Power on an IC package, measure the resulting transient response of the junction temperature and from that infer a wealth of information about the structure of the package that the heat has to flow through. Such a methodology is at the heart of the Mechanical Analysis Division’s T3Ster(pronounced “trister”) product. Some simulation software vendors pitch their products as being able to replace physical testing. True that software such as FloTHERM helps to minimise the number of physical prototypes required but I don’t believe it will ever replace the need for physical test and characterisation. In fact the two can and should marry to form a union that enables the thorough understanding of the behaviour of electrical products.Electronics thermal design involves the effective removal of heat from its source (a packaged die) to a surrounding ambient. The beauty of simulation is that you can analyse those heat flow paths, view the bottlenecks the heat experiences, determine if and how you should modify your design to reduce operating temperatures. The downside is that you’ve got to obtain/program in a 3D geometric representation of your design together with the correct material properties, for thermal these being thermal conductivity and for transient behaviour, density and specific heat. The beauty of experimental testing is that you’re testing the real thing, no assumptions, no missing input data, no worrying about whether you’ve guessed the power dissipation right for your critical actives. The downside is that you can’t really see what’s going with the heat transfer inside the packages and PCB.

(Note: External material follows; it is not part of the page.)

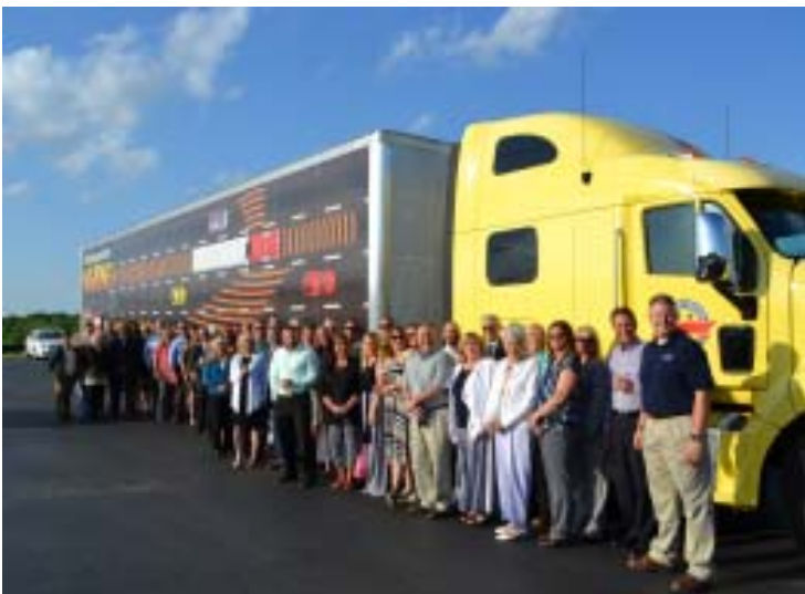
Tennessee Trucking Association's "No Zone" trailer and guest attending the Transportation Professional of the Year Dinner.

My colleagues in the Micred portion the Mechanical Analysis Division have started a Mentor Graphics Thermal Testing Hardware blog. They will do a much better job than me of extolling the beauty and value of the T3Ster and its family of physical testing and characterisation products. Suffice to say that I’m particularly excited to be working with them to align the advantages of simulation with those of physical testing.
Take the following transient animation output produced by FloTHERM. A TO263 is connected to a cold plate and powered up, the simulation shows how the heat emanating from the die bursts through the package eventually getting to the ambient. Where it experiences thermal bottlenecksare coloured greyscale, the black arrows show the direction and strength of the heat flow. It’s not animated in real time (the full transient covers the first 100s after power up), also the time steps are biased to show the heat flow paths very clearly at the very start of the transient.
The largest bottlenecks occur at the die attach and, once the heat spreads down to it, at the TIM between the package and the coldplate. Interesting that up to about 1e-3s the heat flow appears to be completely independent of the package environment. The final stages of the transient, as it approaches steady state @~90s, involve the heat that’s trying to get out the top of the package realising that it’s actually easier to loop back down and go towards the cold plate.
Such insights, together with the structure function approach taken by T3Ster, enable packages to be accurately designed, characterised and understood from a thermal perspective. You might come across a Rjc thermal resistance value on a component spec sheet but I bet you didn’t appreciate how much effort goes into to getting it as small as feasibly possible!
19th November 2011, Ross-On-Wye